**YOUR ASSIGNMENT**
From the entries below, print exactly the span beginning with the line holding "linen drum shade." and ending with the line holding "如同这里建筑的走势一样,当年", endpoints included, and skip any pictures.

**TASK DATA**
◇ ◇ ◇ ◇ ◇ ◇ ◇

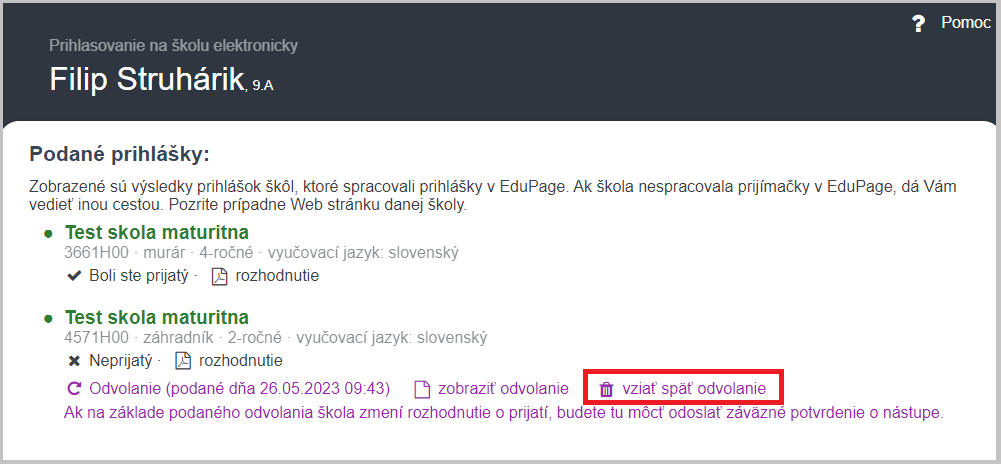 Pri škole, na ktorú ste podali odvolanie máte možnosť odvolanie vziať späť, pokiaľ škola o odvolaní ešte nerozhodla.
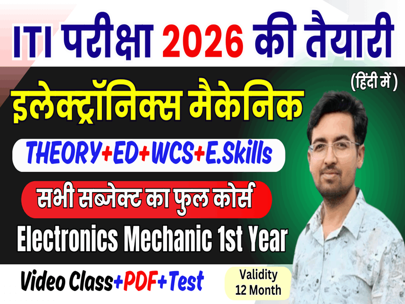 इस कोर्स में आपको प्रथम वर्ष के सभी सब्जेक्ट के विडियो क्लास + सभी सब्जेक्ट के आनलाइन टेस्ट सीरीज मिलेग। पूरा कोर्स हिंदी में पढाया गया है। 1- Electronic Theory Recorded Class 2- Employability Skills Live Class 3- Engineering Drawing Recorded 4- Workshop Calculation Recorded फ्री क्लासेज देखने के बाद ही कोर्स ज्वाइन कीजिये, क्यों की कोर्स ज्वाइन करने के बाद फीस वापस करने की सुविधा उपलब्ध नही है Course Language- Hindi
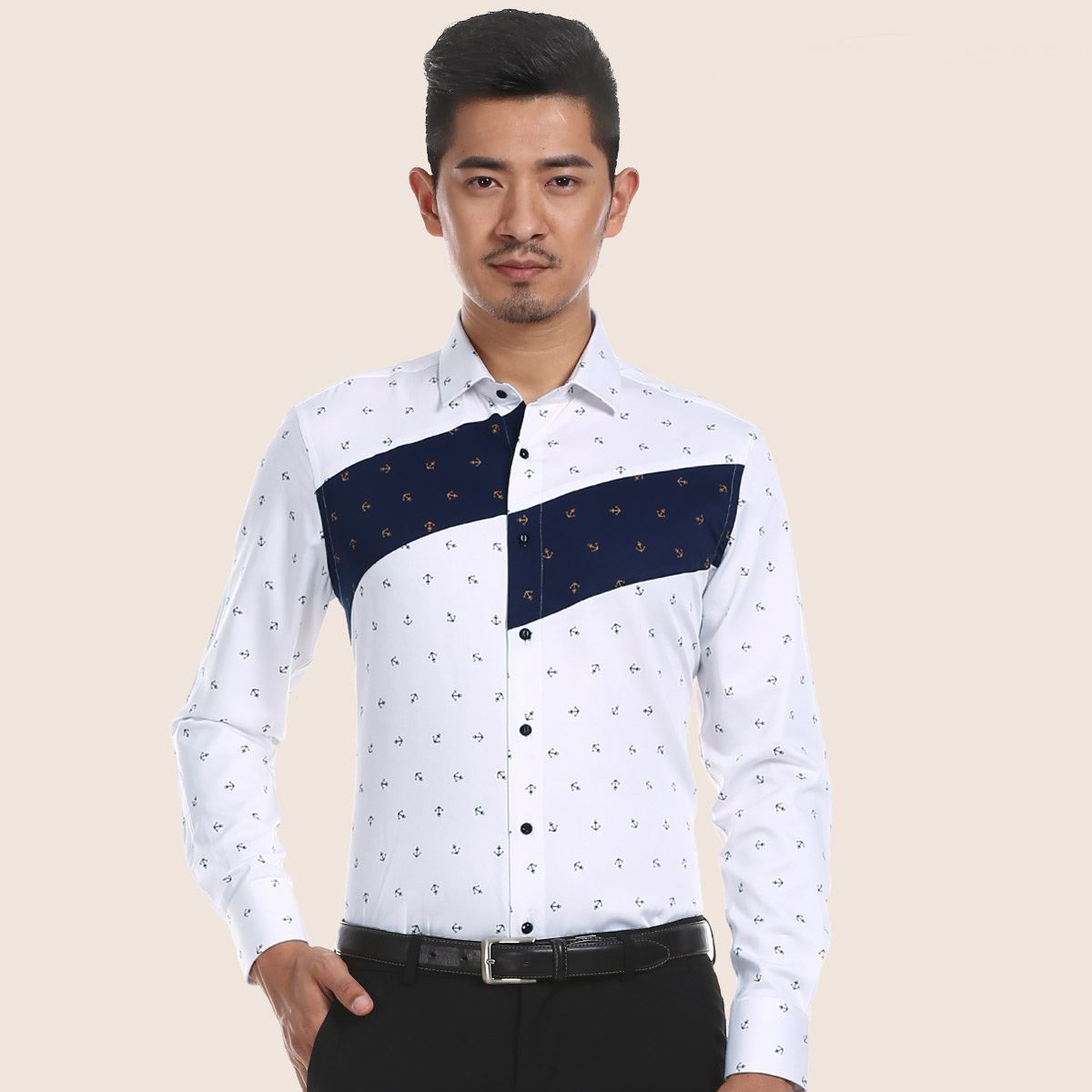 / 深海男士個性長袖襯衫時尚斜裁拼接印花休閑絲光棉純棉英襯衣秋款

◇ ◇ ◇ ◇ ◇ ◇ ◇

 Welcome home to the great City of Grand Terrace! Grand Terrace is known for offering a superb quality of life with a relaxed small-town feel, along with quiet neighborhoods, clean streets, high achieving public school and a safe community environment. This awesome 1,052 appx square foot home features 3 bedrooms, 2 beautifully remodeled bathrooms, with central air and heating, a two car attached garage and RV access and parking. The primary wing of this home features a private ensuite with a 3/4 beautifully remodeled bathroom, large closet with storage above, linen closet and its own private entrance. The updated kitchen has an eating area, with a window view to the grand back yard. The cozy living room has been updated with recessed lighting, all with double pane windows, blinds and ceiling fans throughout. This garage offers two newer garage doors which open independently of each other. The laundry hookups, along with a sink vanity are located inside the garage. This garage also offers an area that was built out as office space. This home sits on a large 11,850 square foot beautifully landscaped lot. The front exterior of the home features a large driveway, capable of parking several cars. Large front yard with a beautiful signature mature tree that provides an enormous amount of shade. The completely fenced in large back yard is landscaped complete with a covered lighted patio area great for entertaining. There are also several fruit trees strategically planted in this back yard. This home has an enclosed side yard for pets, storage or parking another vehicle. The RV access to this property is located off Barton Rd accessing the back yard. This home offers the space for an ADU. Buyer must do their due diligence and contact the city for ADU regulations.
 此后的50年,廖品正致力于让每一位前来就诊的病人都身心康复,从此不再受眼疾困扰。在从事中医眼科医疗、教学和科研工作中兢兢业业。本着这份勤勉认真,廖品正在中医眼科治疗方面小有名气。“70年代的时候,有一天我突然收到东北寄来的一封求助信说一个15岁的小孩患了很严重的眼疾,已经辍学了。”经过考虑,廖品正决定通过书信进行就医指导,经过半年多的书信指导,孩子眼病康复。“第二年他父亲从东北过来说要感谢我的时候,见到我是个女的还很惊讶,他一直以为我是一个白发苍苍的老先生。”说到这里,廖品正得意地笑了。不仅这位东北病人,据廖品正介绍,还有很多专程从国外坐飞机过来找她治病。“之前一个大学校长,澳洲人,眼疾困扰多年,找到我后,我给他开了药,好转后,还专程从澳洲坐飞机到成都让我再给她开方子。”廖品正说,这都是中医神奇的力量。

◇ ◇ ◇ ◇ ◇ ◇ ◇

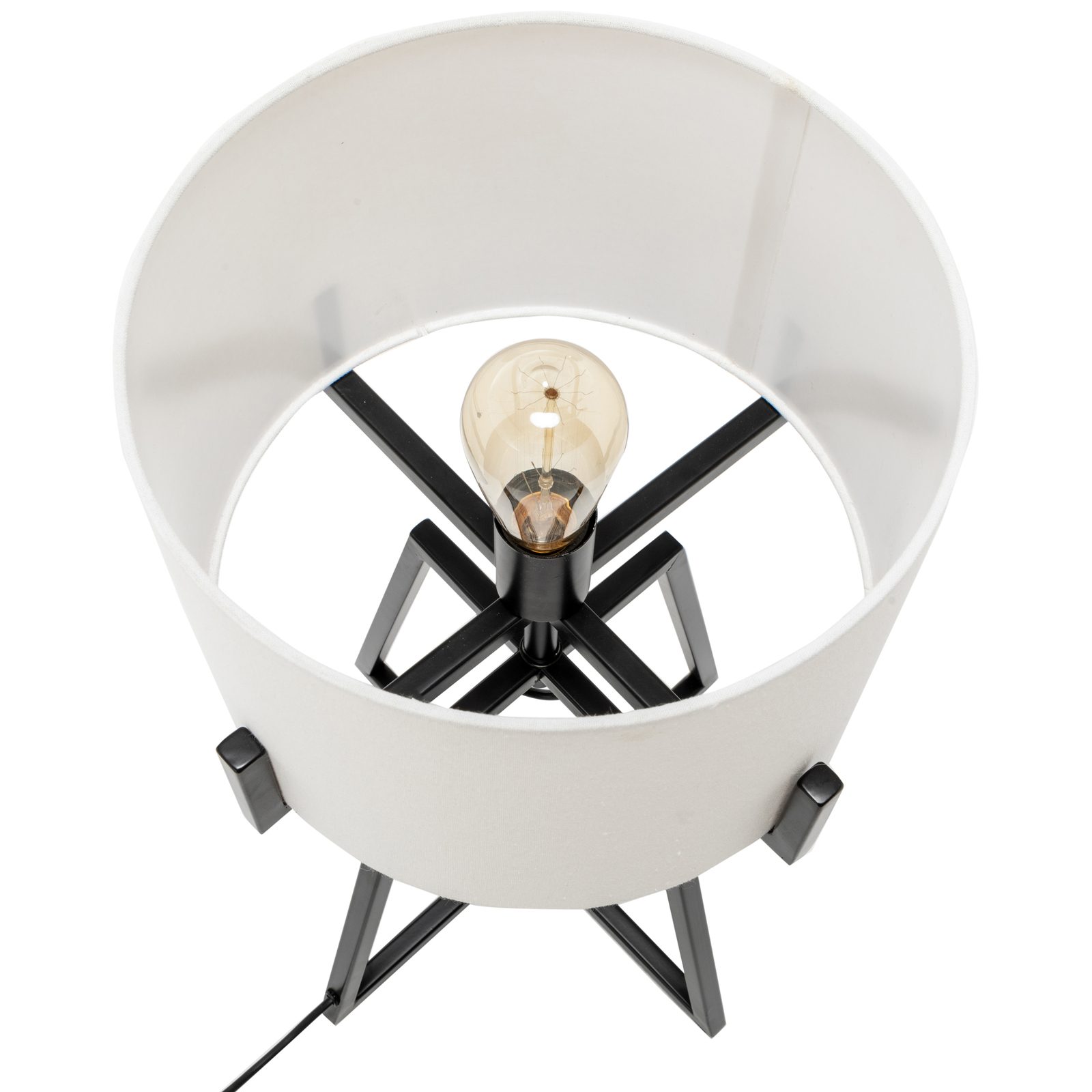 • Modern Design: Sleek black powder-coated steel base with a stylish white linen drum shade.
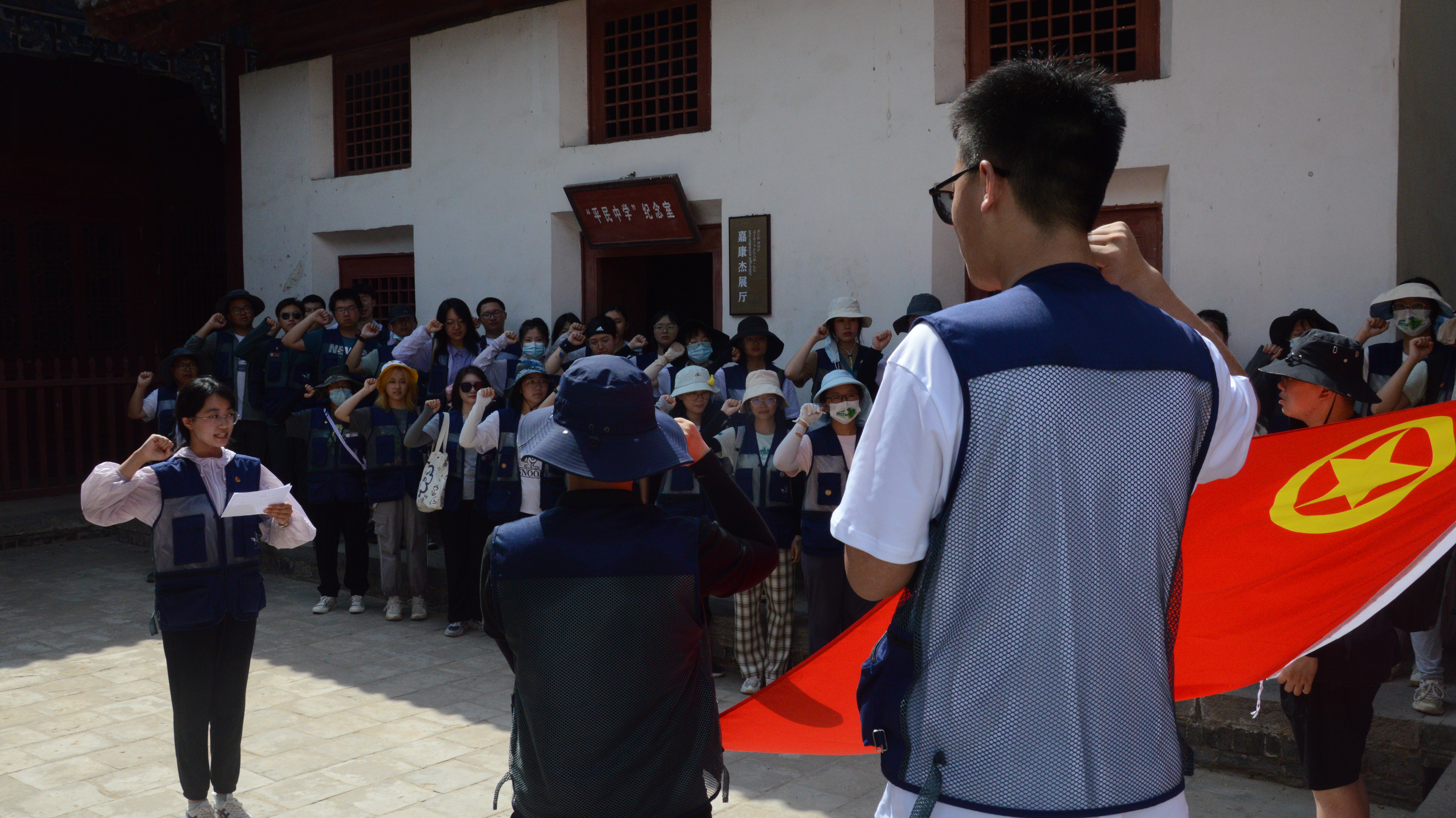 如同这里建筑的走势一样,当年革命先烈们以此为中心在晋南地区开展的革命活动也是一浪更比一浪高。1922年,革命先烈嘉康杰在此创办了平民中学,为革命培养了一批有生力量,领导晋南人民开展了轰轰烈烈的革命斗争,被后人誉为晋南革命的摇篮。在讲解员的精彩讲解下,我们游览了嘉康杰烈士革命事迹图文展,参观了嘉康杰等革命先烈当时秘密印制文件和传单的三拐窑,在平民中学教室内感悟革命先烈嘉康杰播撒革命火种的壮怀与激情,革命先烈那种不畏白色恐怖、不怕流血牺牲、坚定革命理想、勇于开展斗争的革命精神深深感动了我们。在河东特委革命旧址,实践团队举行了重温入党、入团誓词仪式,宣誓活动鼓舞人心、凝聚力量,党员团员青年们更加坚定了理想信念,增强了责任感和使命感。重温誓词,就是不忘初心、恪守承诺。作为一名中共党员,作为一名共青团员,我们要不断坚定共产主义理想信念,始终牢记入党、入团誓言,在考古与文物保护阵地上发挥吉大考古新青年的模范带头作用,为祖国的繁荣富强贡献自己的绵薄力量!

◇ ◇ ◇ ◇ ◇ ◇ ◇

**SOLUTION TO THE PROBLEM**
 • Modern Design: Sleek black powder-coated steel base with a stylish white linen drum shade.
 如同这里建筑的走势一样,当年革命先烈们以此为中心在晋南地区开展的革命活动也是一浪更比一浪高。1922年,革命先烈嘉康杰在此创办了平民中学,为革命培养了一批有生力量,领导晋南人民开展了轰轰烈烈的革命斗争,被后人誉为晋南革命的摇篮。在讲解员的精彩讲解下,我们游览了嘉康杰烈士革命事迹图文展,参观了嘉康杰等革命先烈当时秘密印制文件和传单的三拐窑,在平民中学教室内感悟革命先烈嘉康杰播撒革命火种的壮怀与激情,革命先烈那种不畏白色恐怖、不怕流血牺牲、坚定革命理想、勇于开展斗争的革命精神深深感动了我们。在河东特委革命旧址,实践团队举行了重温入党、入团誓词仪式,宣誓活动鼓舞人心、凝聚力量,党员团员青年们更加坚定了理想信念,增强了责任感和使命感。重温誓词,就是不忘初心、恪守承诺。作为一名中共党员,作为一名共青团员,我们要不断坚定共产主义理想信念,始终牢记入党、入团誓言,在考古与文物保护阵地上发挥吉大考古新青年的模范带头作用,为祖国的繁荣富强贡献自己的绵薄力量!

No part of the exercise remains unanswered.